● Task prompt
Below are records with pictures. Transcribe exactly, and only, the lines from the line with "Zo zijn er vragen" to the line with "Hutnika | |", both ends included, but not the pictures.

Study material: Begin

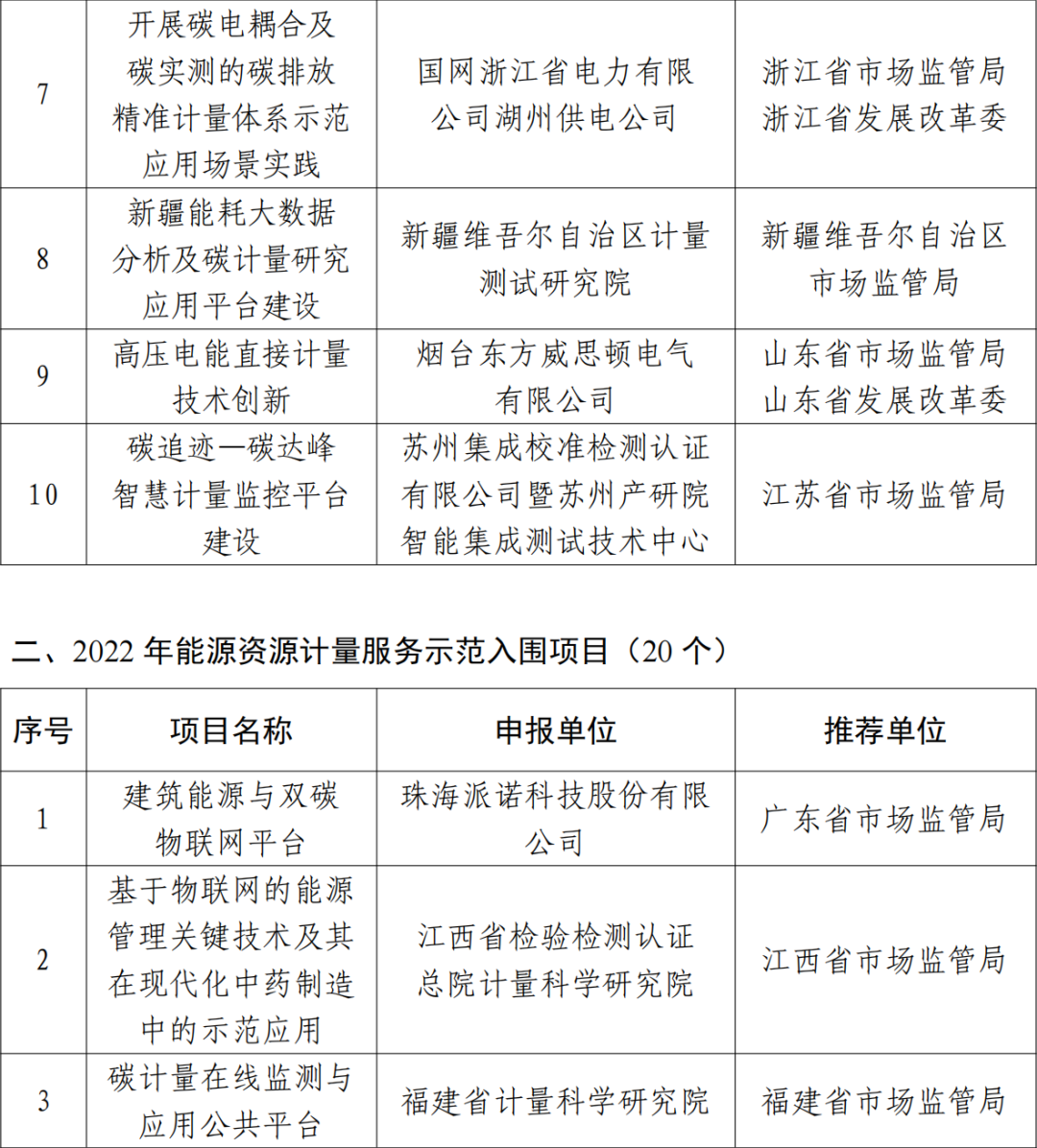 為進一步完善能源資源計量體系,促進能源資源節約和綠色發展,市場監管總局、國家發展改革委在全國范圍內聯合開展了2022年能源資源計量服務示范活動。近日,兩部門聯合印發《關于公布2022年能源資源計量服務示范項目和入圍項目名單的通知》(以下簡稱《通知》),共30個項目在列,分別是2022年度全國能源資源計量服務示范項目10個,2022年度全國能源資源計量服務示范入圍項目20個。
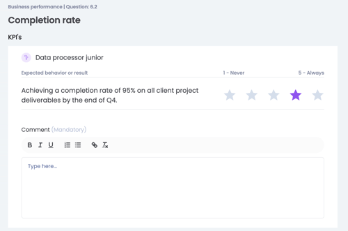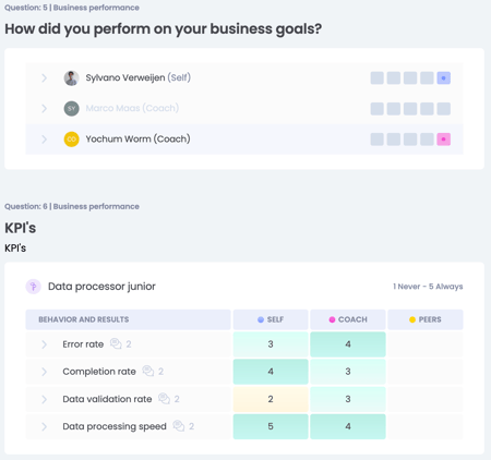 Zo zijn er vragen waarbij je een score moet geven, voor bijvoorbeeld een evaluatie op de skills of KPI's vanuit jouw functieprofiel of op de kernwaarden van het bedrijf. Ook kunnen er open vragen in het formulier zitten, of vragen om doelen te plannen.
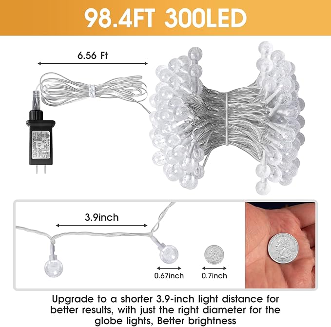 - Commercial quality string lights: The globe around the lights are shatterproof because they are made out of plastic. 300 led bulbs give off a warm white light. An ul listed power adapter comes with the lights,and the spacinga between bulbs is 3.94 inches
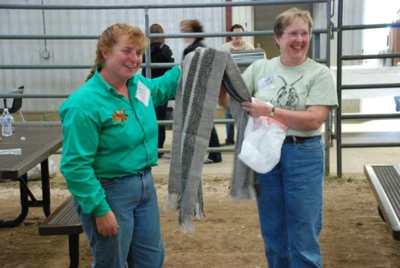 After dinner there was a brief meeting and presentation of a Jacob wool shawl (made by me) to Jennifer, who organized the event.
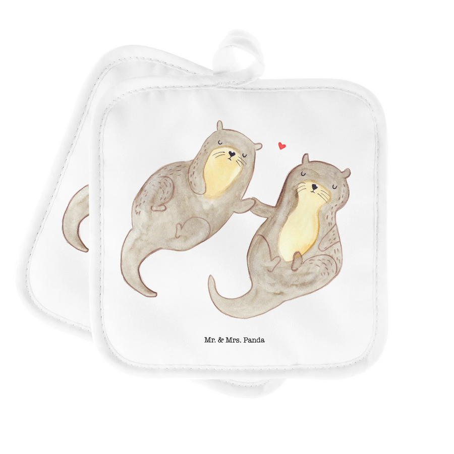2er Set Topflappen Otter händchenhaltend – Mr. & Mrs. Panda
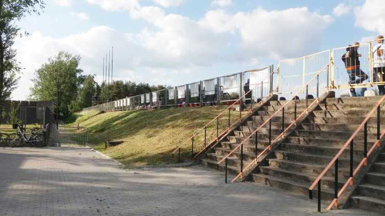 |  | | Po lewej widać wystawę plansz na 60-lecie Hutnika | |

Study material: End
Study material: Begin

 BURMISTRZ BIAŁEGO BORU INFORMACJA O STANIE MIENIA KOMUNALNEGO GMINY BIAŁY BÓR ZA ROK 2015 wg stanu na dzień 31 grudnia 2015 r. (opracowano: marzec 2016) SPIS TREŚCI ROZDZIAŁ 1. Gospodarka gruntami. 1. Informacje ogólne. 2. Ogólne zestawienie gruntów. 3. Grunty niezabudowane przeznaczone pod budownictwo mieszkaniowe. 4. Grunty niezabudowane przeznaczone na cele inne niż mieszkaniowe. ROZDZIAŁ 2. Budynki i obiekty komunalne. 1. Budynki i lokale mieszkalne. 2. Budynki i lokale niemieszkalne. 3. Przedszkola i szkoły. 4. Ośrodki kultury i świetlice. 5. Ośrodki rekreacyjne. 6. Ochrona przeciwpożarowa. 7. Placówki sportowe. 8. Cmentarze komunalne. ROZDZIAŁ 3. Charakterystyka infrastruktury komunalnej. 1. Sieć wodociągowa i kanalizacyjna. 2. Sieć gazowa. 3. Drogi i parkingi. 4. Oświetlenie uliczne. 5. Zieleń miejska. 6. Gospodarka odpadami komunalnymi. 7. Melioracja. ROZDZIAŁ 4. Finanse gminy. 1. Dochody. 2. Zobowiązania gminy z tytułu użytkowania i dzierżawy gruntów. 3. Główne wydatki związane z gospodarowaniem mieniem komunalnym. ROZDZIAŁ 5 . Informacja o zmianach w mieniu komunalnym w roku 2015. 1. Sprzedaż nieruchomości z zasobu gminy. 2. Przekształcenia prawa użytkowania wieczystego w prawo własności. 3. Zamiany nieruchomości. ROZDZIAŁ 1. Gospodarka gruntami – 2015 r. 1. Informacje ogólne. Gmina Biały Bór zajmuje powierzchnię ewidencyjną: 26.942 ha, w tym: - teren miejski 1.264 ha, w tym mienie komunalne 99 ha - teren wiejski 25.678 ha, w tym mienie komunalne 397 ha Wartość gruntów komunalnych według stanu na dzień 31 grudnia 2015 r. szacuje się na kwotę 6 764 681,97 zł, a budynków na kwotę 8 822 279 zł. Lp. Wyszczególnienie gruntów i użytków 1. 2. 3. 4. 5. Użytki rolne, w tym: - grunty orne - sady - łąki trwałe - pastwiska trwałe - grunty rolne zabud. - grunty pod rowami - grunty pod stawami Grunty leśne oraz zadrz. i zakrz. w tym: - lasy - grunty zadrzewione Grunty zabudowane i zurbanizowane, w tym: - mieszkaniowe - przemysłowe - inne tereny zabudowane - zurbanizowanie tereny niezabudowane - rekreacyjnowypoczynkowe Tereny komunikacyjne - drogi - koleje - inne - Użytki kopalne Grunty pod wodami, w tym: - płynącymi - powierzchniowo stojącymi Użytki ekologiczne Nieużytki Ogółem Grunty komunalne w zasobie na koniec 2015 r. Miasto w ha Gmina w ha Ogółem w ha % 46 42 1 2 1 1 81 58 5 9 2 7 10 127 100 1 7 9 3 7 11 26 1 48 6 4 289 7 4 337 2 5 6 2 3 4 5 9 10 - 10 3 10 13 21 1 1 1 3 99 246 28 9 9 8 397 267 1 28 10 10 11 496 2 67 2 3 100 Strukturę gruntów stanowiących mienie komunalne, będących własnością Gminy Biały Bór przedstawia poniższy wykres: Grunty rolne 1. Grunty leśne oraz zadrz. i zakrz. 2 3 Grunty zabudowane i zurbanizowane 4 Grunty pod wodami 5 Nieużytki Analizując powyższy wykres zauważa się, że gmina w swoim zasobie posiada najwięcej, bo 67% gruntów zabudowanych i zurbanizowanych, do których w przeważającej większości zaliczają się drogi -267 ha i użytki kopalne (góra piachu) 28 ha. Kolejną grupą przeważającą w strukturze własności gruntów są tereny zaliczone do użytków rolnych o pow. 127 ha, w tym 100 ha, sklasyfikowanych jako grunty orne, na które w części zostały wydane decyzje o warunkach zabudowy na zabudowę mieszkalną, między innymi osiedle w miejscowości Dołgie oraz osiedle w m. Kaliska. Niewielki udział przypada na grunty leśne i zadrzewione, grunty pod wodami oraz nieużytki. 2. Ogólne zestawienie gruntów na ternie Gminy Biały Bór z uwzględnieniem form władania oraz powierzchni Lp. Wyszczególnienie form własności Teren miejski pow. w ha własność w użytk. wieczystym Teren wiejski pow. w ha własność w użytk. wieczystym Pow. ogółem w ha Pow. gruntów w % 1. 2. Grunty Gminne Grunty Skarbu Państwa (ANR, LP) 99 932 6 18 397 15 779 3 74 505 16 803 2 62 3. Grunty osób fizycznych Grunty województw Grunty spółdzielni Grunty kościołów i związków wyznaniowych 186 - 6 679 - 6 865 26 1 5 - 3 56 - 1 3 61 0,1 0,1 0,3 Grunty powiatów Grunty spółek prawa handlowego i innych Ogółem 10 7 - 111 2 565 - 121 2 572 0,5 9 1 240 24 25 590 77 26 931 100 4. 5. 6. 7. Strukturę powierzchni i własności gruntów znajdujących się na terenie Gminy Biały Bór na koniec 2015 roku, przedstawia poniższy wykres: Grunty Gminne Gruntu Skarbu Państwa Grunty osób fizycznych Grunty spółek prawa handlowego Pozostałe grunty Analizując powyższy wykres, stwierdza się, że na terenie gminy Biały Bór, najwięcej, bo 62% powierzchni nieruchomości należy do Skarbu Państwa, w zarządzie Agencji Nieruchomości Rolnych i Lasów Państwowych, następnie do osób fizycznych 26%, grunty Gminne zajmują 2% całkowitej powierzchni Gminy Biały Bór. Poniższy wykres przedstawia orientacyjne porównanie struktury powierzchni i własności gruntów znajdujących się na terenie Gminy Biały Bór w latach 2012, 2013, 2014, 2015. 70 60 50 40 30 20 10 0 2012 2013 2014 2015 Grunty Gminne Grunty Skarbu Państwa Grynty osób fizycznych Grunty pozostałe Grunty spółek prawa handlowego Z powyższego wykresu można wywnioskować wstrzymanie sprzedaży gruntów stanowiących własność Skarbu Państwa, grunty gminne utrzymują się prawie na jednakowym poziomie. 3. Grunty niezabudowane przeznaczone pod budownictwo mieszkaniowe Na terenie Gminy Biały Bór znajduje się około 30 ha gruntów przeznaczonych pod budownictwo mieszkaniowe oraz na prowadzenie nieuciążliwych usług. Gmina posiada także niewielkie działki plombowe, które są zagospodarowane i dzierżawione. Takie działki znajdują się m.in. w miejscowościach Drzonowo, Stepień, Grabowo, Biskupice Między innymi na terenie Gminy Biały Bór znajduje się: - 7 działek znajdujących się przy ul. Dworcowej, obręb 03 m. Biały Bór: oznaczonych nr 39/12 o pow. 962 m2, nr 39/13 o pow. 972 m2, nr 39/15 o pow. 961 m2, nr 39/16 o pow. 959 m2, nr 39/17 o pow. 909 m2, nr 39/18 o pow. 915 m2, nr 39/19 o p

Study material: End

● Solution to the exercise
 Zo zijn er vragen waarbij je een score moet geven, voor bijvoorbeeld een evaluatie op de skills of KPI's vanuit jouw functieprofiel of op de kernwaarden van het bedrijf. Ook kunnen er open vragen in het formulier zitten, of vragen om doelen te plannen.
 - Commercial quality string lights: The globe around the lights are shatterproof because they are made out of plastic. 300 led bulbs give off a warm white light. An ul listed power adapter comes with the lights,and the spacinga between bulbs is 3.94 inches
 After dinner there was a brief meeting and presentation of a Jacob wool shawl (made by me) to Jennifer, who organized the event.
2er Set Topflappen Otter händchenhaltend – Mr. & Mrs. Panda
 |  | | Po lewej widać wystawę plansz na 60-lecie Hutnika | |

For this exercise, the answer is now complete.